> ASSIGNED TASK:
When you print the records, keep every line identical to the original.

[Items listed in a dataset]
━━━━━━━━━━
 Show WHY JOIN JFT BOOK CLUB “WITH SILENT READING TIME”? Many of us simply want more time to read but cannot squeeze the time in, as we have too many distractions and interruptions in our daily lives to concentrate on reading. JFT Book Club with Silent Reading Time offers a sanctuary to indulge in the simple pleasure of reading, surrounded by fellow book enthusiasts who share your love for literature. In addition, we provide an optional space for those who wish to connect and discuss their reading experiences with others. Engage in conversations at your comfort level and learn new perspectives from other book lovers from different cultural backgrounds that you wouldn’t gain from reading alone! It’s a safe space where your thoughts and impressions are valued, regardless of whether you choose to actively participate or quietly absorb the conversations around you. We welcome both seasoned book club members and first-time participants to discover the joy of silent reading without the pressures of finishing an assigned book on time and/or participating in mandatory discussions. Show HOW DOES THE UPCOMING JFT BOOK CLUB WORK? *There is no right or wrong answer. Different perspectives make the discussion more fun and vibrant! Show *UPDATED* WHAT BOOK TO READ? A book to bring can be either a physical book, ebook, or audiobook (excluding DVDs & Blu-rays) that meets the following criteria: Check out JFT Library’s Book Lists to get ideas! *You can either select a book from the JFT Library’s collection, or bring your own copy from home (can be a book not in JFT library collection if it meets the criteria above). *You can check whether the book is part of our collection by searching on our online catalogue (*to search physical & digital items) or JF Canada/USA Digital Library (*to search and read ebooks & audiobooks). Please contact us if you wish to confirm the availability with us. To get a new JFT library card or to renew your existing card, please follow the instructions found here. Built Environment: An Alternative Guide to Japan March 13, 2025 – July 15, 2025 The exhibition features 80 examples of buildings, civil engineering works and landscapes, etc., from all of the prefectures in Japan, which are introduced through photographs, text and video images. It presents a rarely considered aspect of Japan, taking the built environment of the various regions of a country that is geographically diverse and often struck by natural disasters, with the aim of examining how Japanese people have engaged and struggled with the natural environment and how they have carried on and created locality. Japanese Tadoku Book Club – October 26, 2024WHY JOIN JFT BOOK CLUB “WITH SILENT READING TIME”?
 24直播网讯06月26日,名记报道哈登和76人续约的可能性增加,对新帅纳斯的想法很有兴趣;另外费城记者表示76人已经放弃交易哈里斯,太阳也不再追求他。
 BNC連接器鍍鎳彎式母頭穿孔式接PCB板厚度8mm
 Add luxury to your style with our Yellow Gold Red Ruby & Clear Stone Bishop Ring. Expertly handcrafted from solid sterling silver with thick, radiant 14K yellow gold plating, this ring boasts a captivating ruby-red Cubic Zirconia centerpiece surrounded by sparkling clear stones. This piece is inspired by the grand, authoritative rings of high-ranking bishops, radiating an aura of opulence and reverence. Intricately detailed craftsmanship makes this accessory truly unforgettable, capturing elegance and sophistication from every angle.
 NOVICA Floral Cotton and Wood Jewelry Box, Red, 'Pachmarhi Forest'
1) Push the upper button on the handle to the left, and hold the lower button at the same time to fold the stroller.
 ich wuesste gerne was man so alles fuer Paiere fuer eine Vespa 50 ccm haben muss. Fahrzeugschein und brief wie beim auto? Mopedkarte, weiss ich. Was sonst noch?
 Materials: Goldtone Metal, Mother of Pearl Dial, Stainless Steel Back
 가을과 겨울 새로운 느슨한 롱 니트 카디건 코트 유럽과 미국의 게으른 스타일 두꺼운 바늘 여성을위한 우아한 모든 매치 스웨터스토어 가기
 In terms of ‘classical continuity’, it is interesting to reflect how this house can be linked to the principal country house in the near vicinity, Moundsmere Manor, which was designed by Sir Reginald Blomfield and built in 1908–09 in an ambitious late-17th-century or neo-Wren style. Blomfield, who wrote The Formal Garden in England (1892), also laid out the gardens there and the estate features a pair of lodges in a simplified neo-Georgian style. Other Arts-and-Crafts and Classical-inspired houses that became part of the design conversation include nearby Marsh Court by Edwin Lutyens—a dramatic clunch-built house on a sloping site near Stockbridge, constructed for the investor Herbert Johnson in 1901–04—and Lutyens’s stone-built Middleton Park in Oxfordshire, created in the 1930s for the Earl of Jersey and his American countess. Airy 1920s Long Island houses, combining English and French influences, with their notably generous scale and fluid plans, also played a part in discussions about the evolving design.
━━━━━━━━━━
> EXERCISE RESULT:
 Show WHY JOIN JFT BOOK CLUB “WITH SILENT READING TIME”? Many of us simply want more time to read but cannot squeeze the time in, as we have too many distractions and interruptions in our daily lives to concentrate on reading. JFT Book Club with Silent Reading Time offers a sanctuary to indulge in the simple pleasure of reading, surrounded by fellow book enthusiasts who share your love for literature. In addition, we provide an optional space for those who wish to connect and discuss their reading experiences with others. Engage in conversations at your comfort level and learn new perspectives from other book lovers from different cultural backgrounds that you wouldn’t gain from reading alone! It’s a safe space where your thoughts and impressions are valued, regardless of whether you choose to actively participate or quietly absorb the conversations around you. We welcome both seasoned book club members and first-time participants to discover the joy of silent reading without the pressures of finishing an assigned book on time and/or participating in mandatory discussions. Show HOW DOES THE UPCOMING JFT BOOK CLUB WORK? *There is no right or wrong answer. Different perspectives make the discussion more fun and vibrant! Show *UPDATED* WHAT BOOK TO READ? A book to bring can be either a physical book, ebook, or audiobook (excluding DVDs & Blu-rays) that meets the following criteria: Check out JFT Library’s Book Lists to get ideas! *You can either select a book from the JFT Library’s collection, or bring your own copy from home (can be a book not in JFT library collection if it meets the criteria above). *You can check whether the book is part of our collection by searching on our online catalogue (*to search physical & digital items) or JF Canada/USA Digital Library (*to search and read ebooks & audiobooks). Please contact us if you wish to confirm the availability with us. To get a new JFT library card or to renew your existing card, please follow the instructions found here. Built Environment: An Alternative Guide to Japan March 13, 2025 – July 15, 2025 The exhibition features 80 examples of buildings, civil engineering works and landscapes, etc., from all of the prefectures in Japan, which are introduced through photographs, text and video images. It presents a rarely considered aspect of Japan, taking the built environment of the various regions of a country that is geographically diverse and often struck by natural disasters, with the aim of examining how Japanese people have engaged and struggled with the natural environment and how they have carried on and created locality. Japanese Tadoku Book Club – October 26, 2024WHY JOIN JFT BOOK CLUB “WITH SILENT READING TIME”?
 24直播网讯06月26日,名记报道哈登和76人续约的可能性增加,对新帅纳斯的想法很有兴趣;另外费城记者表示76人已经放弃交易哈里斯,太阳也不再追求他。
 BNC連接器鍍鎳彎式母頭穿孔式接PCB板厚度8mm
 Add luxury to your style with our Yellow Gold Red Ruby & Clear Stone Bishop Ring. Expertly handcrafted from solid sterling silver with thick, radiant 14K yellow gold plating, this ring boasts a captivating ruby-red Cubic Zirconia centerpiece surrounded by sparkling clear stones. This piece is inspired by the grand, authoritative rings of high-ranking bishops, radiating an aura of opulence and reverence. Intricately detailed craftsmanship makes this accessory truly unforgettable, capturing elegance and sophistication from every angle.
 NOVICA Floral Cotton and Wood Jewelry Box, Red, 'Pachmarhi Forest'
1) Push the upper button on the handle to the left, and hold the lower button at the same time to fold the stroller.
 ich wuesste gerne was man so alles fuer Paiere fuer eine Vespa 50 ccm haben muss. Fahrzeugschein und brief wie beim auto? Mopedkarte, weiss ich. Was sonst noch?
 Materials: Goldtone Metal, Mother of Pearl Dial, Stainless Steel Back
 가을과 겨울 새로운 느슨한 롱 니트 카디건 코트 유럽과 미국의 게으른 스타일 두꺼운 바늘 여성을위한 우아한 모든 매치 스웨터스토어 가기
 In terms of ‘classical continuity’, it is interesting to reflect how this house can be linked to the principal country house in the near vicinity, Moundsmere Manor, which was designed by Sir Reginald Blomfield and built in 1908–09 in an ambitious late-17th-century or neo-Wren style. Blomfield, who wrote The Formal Garden in England (1892), also laid out the gardens there and the estate features a pair of lodges in a simplified neo-Georgian style. Other Arts-and-Crafts and Classical-inspired houses that became part of the design conversation include nearby Marsh Court by Edwin Lutyens—a dramatic clunch-built house on a sloping site near Stockbridge, constructed for the investor Herbert Johnson in 1901–04—and Lutyens’s stone-built Middleton Park in Oxfordshire, created in the 1930s for the Earl of Jersey and his American countess. Airy 1920s Long Island houses, combining English and French influences, with their notably generous scale and fluid plans, also played a part in discussions about the evolving design.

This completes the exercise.